When did the modern concept of borders first come about?

Obviously, the concept of political boundaries between different regions and states has probably existed for thousands of years, but what I mean is when did the concept of a border as a guarded physical boundary first come into existence?

Many people think of the Schengen Zone of the EU as being an unprecedented form of free movement, but were borders clearly defined and enforced in 1800s Europe, for example, or even earlier than that?

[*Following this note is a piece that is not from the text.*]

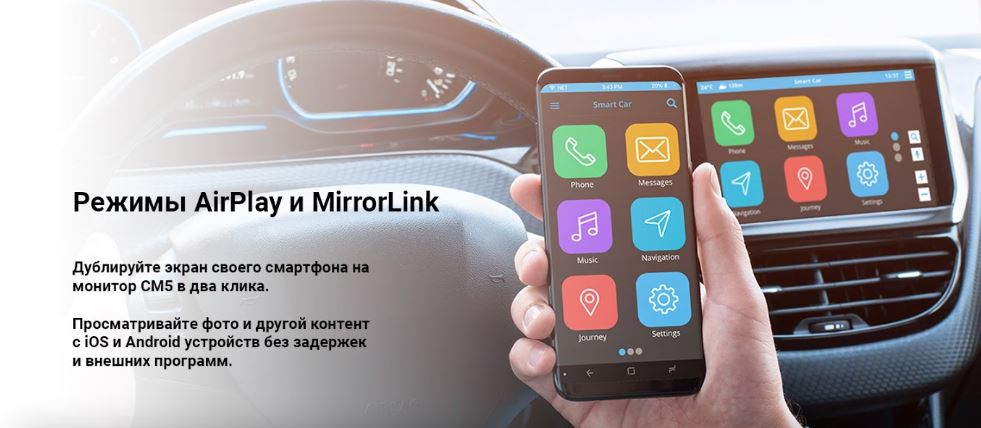 Дублирование экрана смартфона на монитор Gazer CM5510-GP стало возможно, благодаря функциям AirPlay (iOS) и MirrorLink (Android). Мультимедиа или GPS навигация на 10.1 дюймовом дисплее способствует удобству совместного просмотра данных. Теперь делиться впечатлениями стало намного удобнее, ведь просмотр фото с 5 дюймового дисплея смартфона на 10.1" монитор системы Gazer стал реален.

Pro-EU supporters often claim that the idea that any EU citizen can freely go and live in another EU country as historically unprecedented and was for the most part simply not possible for the average person in the past, yet is that really the case?
Jun 2015
Roman Empire? Ottoman Empire? British Empire? I guess those don't count fully as they were one state.

Borders being defined have been around for millennia, and I guess have been more guarded with better technology. There is the Danelaw/King Alfred and Guthrum treaty, the Imperial Limes, Hadrian's and Antonine Walls, the banks in Schwleswig-Holstein, Great Wall of China. these are all examples of borders, but then they had no infra-red, long-distance communications, GPS, satellite tracking to monitor borders definitively.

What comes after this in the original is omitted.